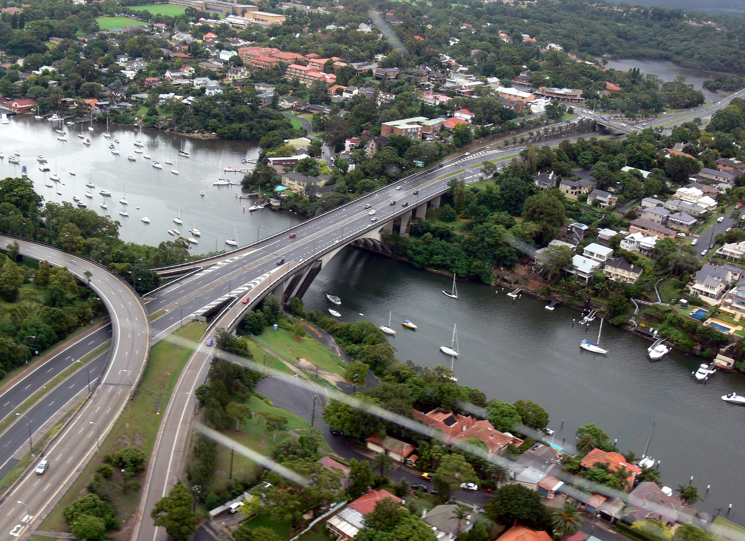 Tarban Creek Bridge panorama, Sydney Australia
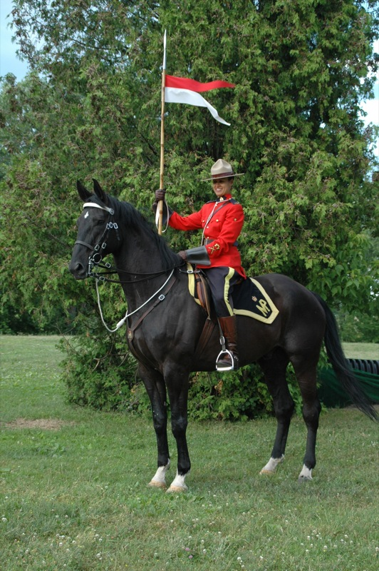 What a photogenic pair! Shown here at the RCMP stables in Ottawa just before the riders headed off for the Sunset Ride.
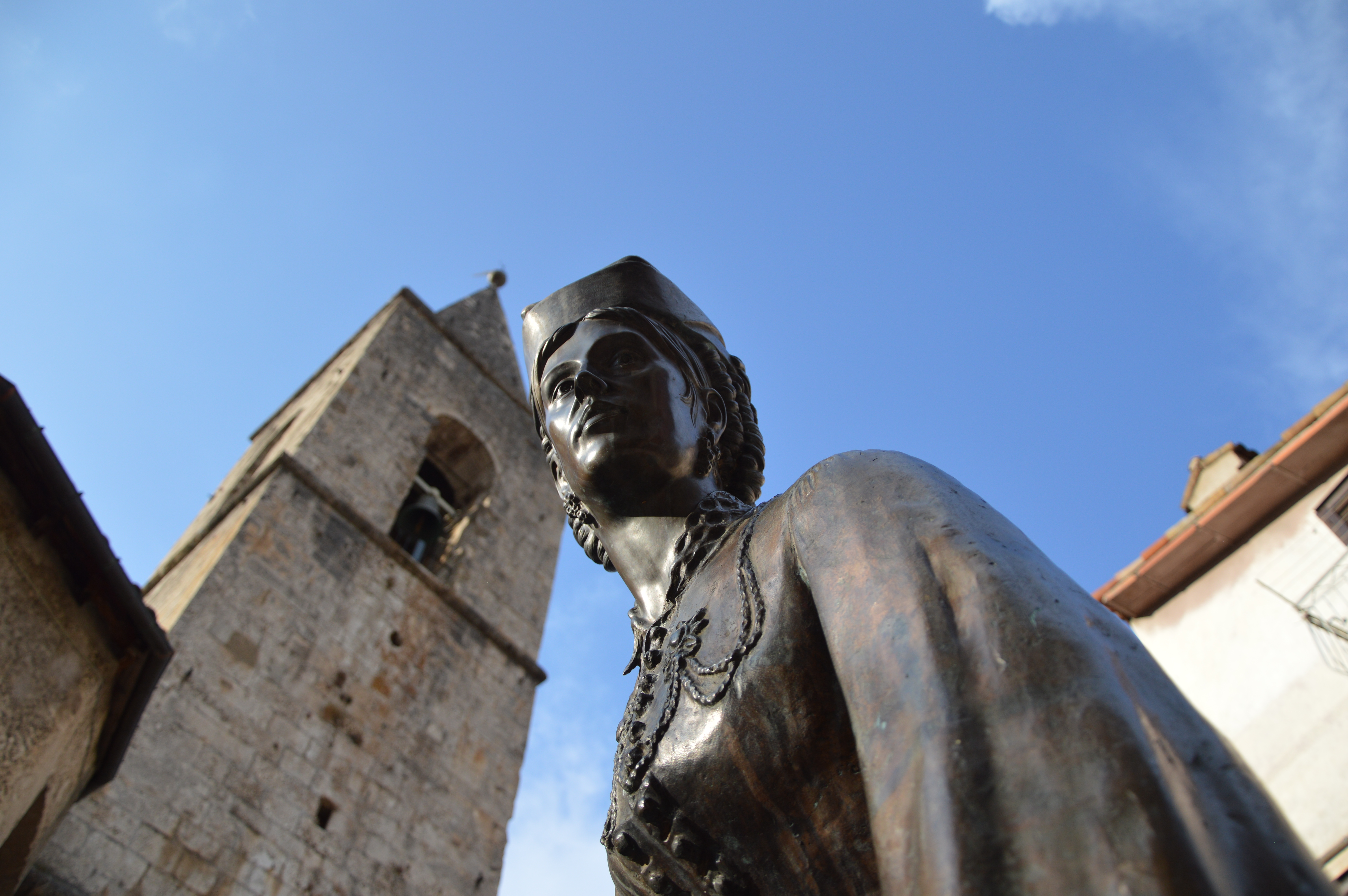 Dettaglio statua
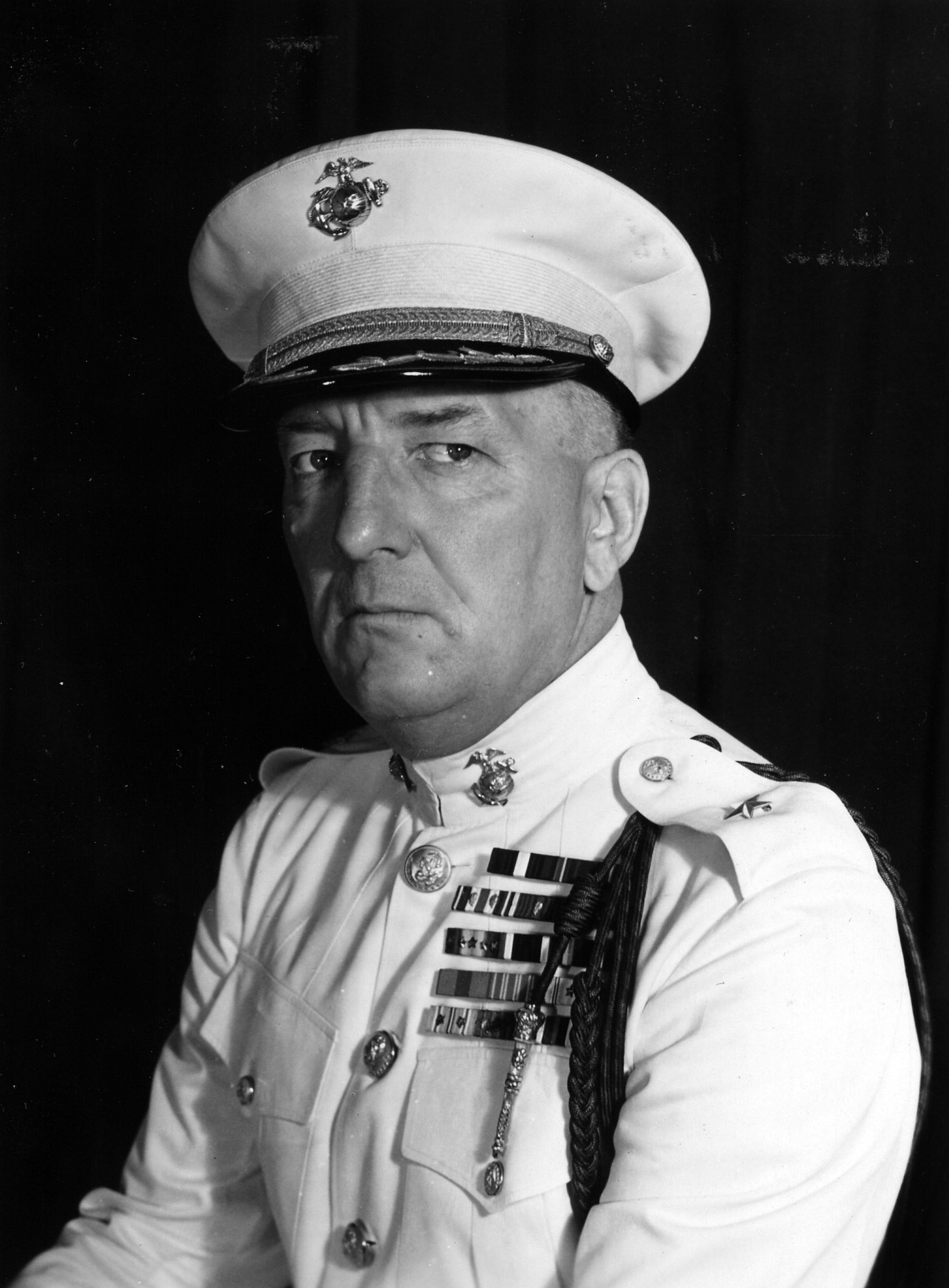 LeRoy Philip Hunt (March 17, 1892 – February 8, 1968) was a highly decorated officer in the United States Marine Corps with the rank of General. A veteran of World War I, he was decorated the Navy Cross and Army Distinguished Service Cross, the United States military's two second-highest decorations awarded for valor in combat.

WORK ORDER = The lines from the top of the data above through the one holding "Dettaglio statua" are to be repeated exactly, and only those, with no pictures.

ANSWER SECTION =
 Tarban Creek Bridge panorama, Sydney Australia
 What a photogenic pair! Shown here at the RCMP stables in Ottawa just before the riders headed off for the Sunset Ride.
 Dettaglio statua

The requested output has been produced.